Beitrag von Lord Hesketh-Fortescue »

Kajetan hat geschrieben:Mir geht es aber darum ... um diese Gesetze bekommen zu können, wurde ausschliesslich wirtschaftlich argumentiert. Um wirtschaftlichen Schaden zu verhindern, wurden entsprechende Gesetze verabschiedet, auf deren Grundlage dann die Justiz regelkonform entsprechende Rechtsprechung ableitet.
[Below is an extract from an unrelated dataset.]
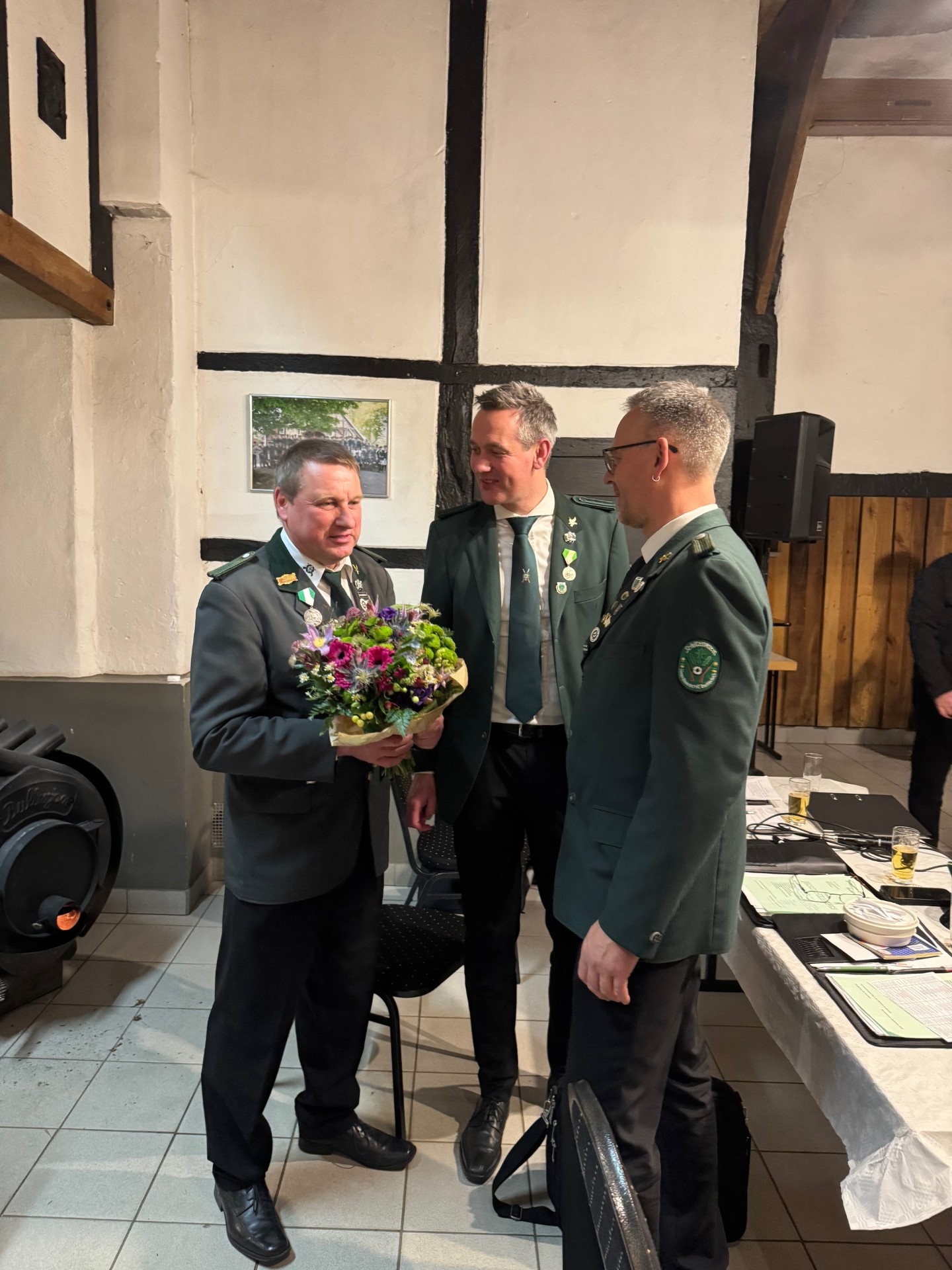 Bei den turnusmäßigen Neuwahlen wurden der Oberst Gerrit Stalfort, der 1. Kassierer Dietmar Oeljeklaus, der 1. Schießwart Holger Mairose sowie der 1. Schriftführer Andre Freude jeweils einstimmig in ihren Ämtern bestätigt. Als neue Fahnenträger wählte die Versammlung einstimmig Timon Wieschebrock und Jonas Elbers. Sie folgen auf Thorsten Steuter, der sein Amt nach 23 Jahren aktiven Engagements freiwillig niederlegte.

Der Nachweis, dass unlizensierte Kopien aber tatsächlich einen wirtschaftlichen Schaden zur Folge haben, weswegen man diesen Schutz benötigt ... der wurde nie erbracht.
Gut, schutzwürdig ist zuallererst allein schon mal, dass der Erbringer einer Leistung, sofern er eine Bezahlung an sie knüpft, auch einen Anspruch auf diese Gegenleistung haben muss. Und dass man diesem dann auch ggf. rechtliche Werkzeuge zur Durchsetzung in die Hand gibt, wenn jemand diese Leistung ohne jede Gegenleistung ausnutzt und sämtliche Vorteile daraus für sich abschöpft. Ist glaube ich im Sinne einer fairen Interessenabwägung auch noch im digitalen Zeitalter nachvollziehbar. Insofern geht der Zweck des Ganzen schon deutlich über gesamtwirtschaftliche Überlegungen hinaus. Dass die Lobby ursprünglich mal in diese wirtschaftliche Richtung stark argumentierte und immer noch argumentiert, klar, Lobbys eben. Aber ich verstehe ganz gut deine Argumentation, und sicher bedarf es einer heftigen Entstaubung des total anachronistischen Urheberrechts, soviel ist mal klar.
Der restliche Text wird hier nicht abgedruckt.